Results for component scores are also given in Figure 3. As in [8], we find that strong apparent differences seem to occur between groups occurs at level 1 of the mPCA model. We see from Figure 3 that this occurs also via single-level PCA, albeit to a lesser extent. Again, these differences are due to random sampling effects and so are spurious. (Note that group centroids of component scores at level 2 via mPCA were indeed congruent with the origin for all MC simulated datasets and in all experiments carried out here). Differences between groups in Figure 3 become less pronounced for both mPCA and single-level PCA as the sample size per group is increased. Indeed, very strong overlap occurs in components scores and spurious differences between groups are quite small for a sample size per group of

n_{l}

= 300 at level 1 via mPCA, as shown by the group centroids in this figure. Experiment 1 shows that random differences between groups that are spread over all 300 variables (and therefore probably also over possible principal components via traditional single-level PCA) are now being concentrated in just two components at the level 1 of the mPCA model. Experiment 1 indicates (as a “rule of thumb” only) that the sample sizes per group should at least be of similar magnitude to the number of variables, i.e., 300, in order to obtain reasonable results.

Results for the eigenvalues from mPCA and single-level PCA for Experiment 2a are shown in Figure 5. In this case, the sample sizes per group are varied for groups 1 and 2 only, whereas group 3 has

n_{3}

= 10 in all simulations. The magnitude of these eigenvalues at level 1 mPCA shown in Figure 5 and percentage variation shown in Table 2 reduce with increasing sample size per group, n, although they are clearly “saturating” by n = 100 for groups 1 and 2. It is clear that the covariance matrices at both level 1 and 2 via mPCA are being very strongly affected by the small sample size in group 3. For example, eigenvalues at level 2 via mPCA exhibit a strange “spike” for low values of eigenvalue number. Eigenvalues at level 1 via mPCA are higher than those in Figure 3, where sample sizes are equal across all groups. However, we again find that the sum of eigenvalues for both single-level PCA and mPCA at level 2 is equal to 300 (again to within expected sampling error). Table 2 shows that the percentage variance does not tend to correct value of zero percent; a result is driven by the small sample size in group 3. Figure 4 shows that results for the sum of eigenvalues at both levels via mPCA do not extrapolate to the correct value of 300 in the limit

n_{l} \to \infty

in Experiment 2a.

Component scores in Figure 5 show that group 3 is also a clear outlier for both mPCA, level 1 and single-level PCA. (Again, group centroids for mPCA at level 2 are congruent with the origin). It is noticeable that group 3 produces an outlying result in Figure 5 even for single-level PCA for

n_{1, 2}

= 300. Spurious differences are exaggerated for mPCA compared to single-level PCA, especially between groups 1 and 2 compared to group 3 for mPCA. Reasonable results for component scores via mPCA are never achieved in Experiment 2a due to the low sample size in group 3.

Results for the eigenvalues from mPCA and single-level PCA for Experiment 2b are shown in Figure 6. Again, the sample sizes per group are varied for groups 1 and 2 only, whereas group 3 has

n_{3}

= 10 in all simulations. We see that eigenvalues for level 2 mPCA now are of very similar magnitude to results of single-level PCA. Indeed, we see that problems with leading eigenvalues for both levels 1 and 2 mPCA due to imbalances in sample sizes appear to have been removed in Figure 6 by the weighted form of the covariance matrices, which is an encouraging result.

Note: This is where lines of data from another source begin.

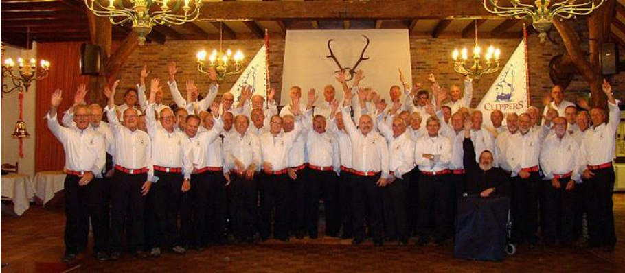
Het shantykoor Clippers Crew verzorgde een prachtig concert in de Beckumer kerk.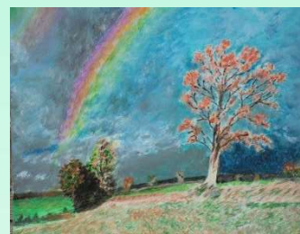
4 ème prix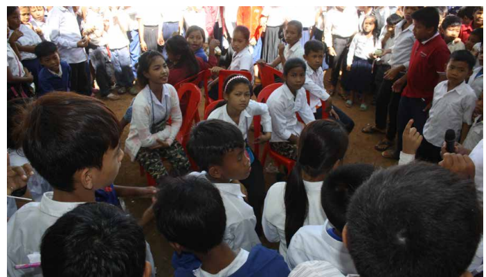
Ci-dessus : Jeu des chaises musicales après la pause goûter et les petites pièces de théâtre.

Ci-contre : Un des dessins affichés dans la cour de récréation. Il illustre le droit de vivre dans un milieu convivial et le droit d'avoir une famille.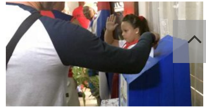
¿Por qué es necesaria una nueva Ley Electoral en Cuba?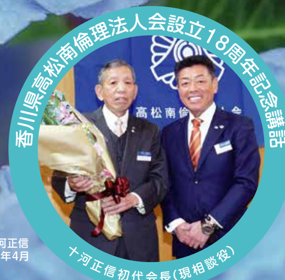
香川県高松南倫理法人会設立18周年記念講話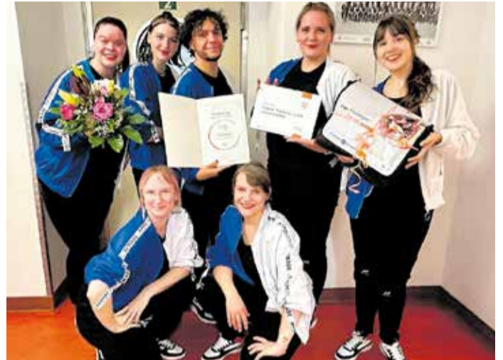
Die Tänzerinnen und Tänzer von M.I.D. freuten sich über die Auszeichnung.

Der Verein dankt allen, die sich täglich für die Kinder und Jugendlichen im Verein einsetzen.

Eigenvalues for level 2, mPCA are very slightly lower in magnitude in Figure 6 than single-level PCA because Equations (7) and (8) are essentially population rather than sample covariance matrices, although this effect reduces quickly with increasing sample size per group

n_{1, 2}

. Figure 4 shows that results for the sum of eigenvalues via mPCA extrapolate to the correct value of 300 in the limit

n_{l} \to \infty

for Experiment 2b.

We see from Figure 6 that problems of spurious differences between groups are not removed by the weighted forms of Equations (7) and (8). Differences between groups that are contained in all variables (and again are probably spread over all components via single-level PCA) are again being concentrated in just two components at level 1 via mPCA. These spurious differences reduce strongly between groups 1 and 2 with increasing sample sizes in these groups, although they persist between groups 1 and 2 compared to group 3 even up to

n_{1, 2}

= 300, as shown in Figure 6. Reasonable results for component scores via mPCA are never achieved in Experiment 2b due to the low sample size in group 3, even when the weighted forms of the covariance matrices are used.

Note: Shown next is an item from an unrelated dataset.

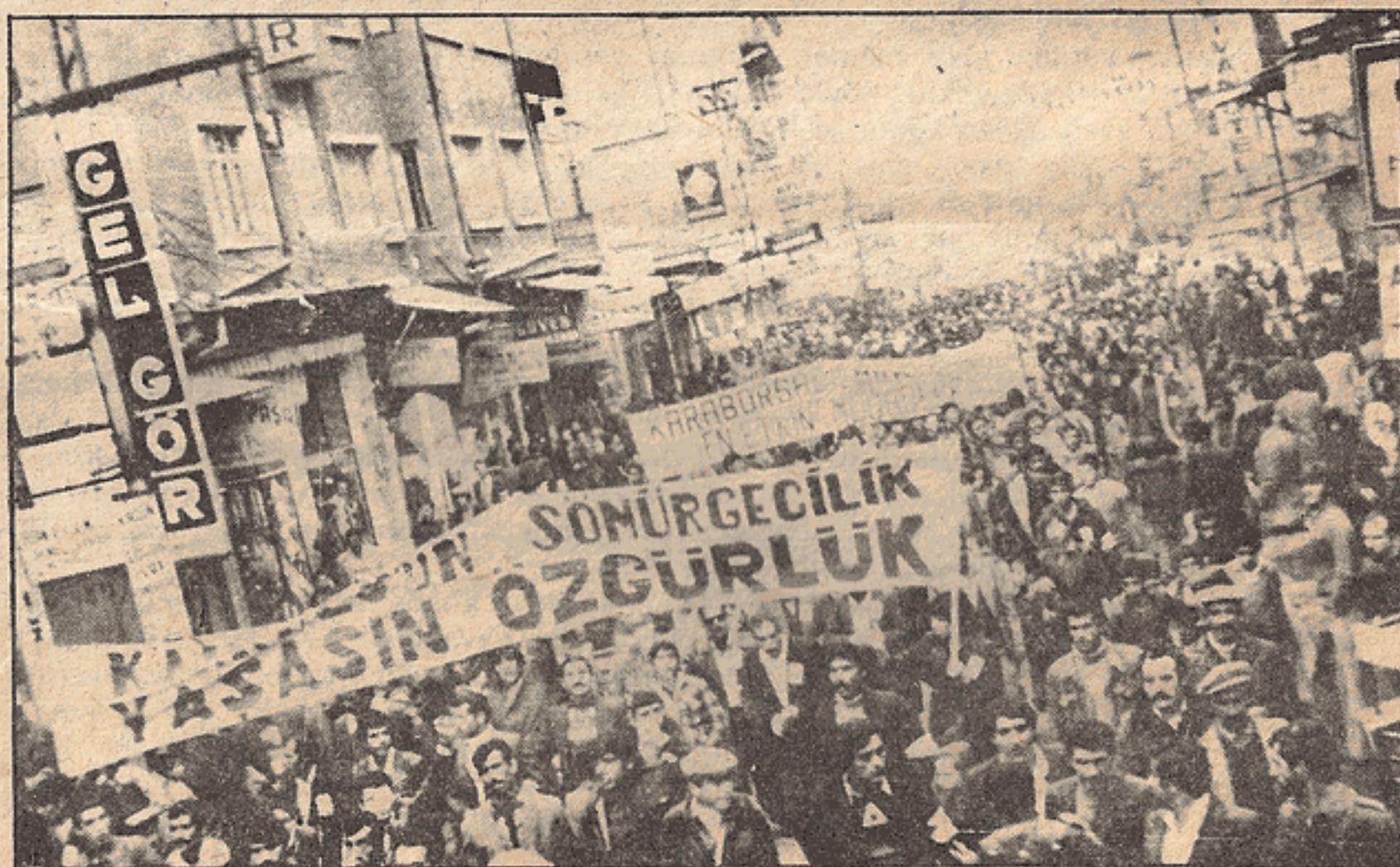
Kitleler 4 Aralık'ta "Kahrolsun-Sömürgecilik, Yaşasın Özgürlük!" diye haykırdılar...

Mehdi Zana, dört aya yakın bir süre Diyarbakır'ı ev-ev, kahve-kahve dolayarak halkla birlikte oturdu, onların sorunlarını dile getirdi ve onlardan destek istedi. Zana'nın karşısında sermayedarlar ve feodallar vardı ve onlar yüz binleri, milyonları harcıyorlardı. Mehdi Zana ise para-pula değil, halkına güveniyordu.

Figure 7 shows results for Experiment 3 in which between-group variation is added to the data, where the means of each group now follow a normal distribution with means equal to zero and a standard deviation of 0.25. Table 2 shows that mPCA is clearly tending towards the theoretical value of 5.9% with increasing sample size per group. Note that the sum of eigenvalues at level 2 via mPCA is again equal to 300 (within expected sampling error). Figure 4 demonstrates that the sum of eigenvalues over both levels via mPCA scale approximately linearly with

n_{l}^{- 1}

to a value of 318.55 in the limit

n_{l} \to \infty

. This is good agreement with the aysmptotic value of 318.75, although even better correspondence would presumably also be obtained by including higher values of

n_{l}

in the regression data in Figure 4. Figure 4 shows also that the values for the sum of all eigenvalues via single-level PCA is approximately flat with respect to

n_{l}^{- 1}

. Indeed, the total variation captured by single-level PCA is clearly well below the asymptotic overall total value of 318.75.

Figure 7 shows that both mPCA and single-level PCA overestimate differences between groups in component scores for small sample sizes per group. However, the broad pattern in the component scores for mPCA (and single-level PCA) has largely converged for sample size per group

n_{l}

= 200 (not shown here) and it has certainly converged by the time that

n_{l}

= 300 is reached (shown in Figure 7). Again, Experiment 3 indicates again (as a rough-and-ready “rule of thumb”) that reasonable results are obtained when the sample sizes in all groups are of similar magnitude to the number of variables, i.e., 300 here.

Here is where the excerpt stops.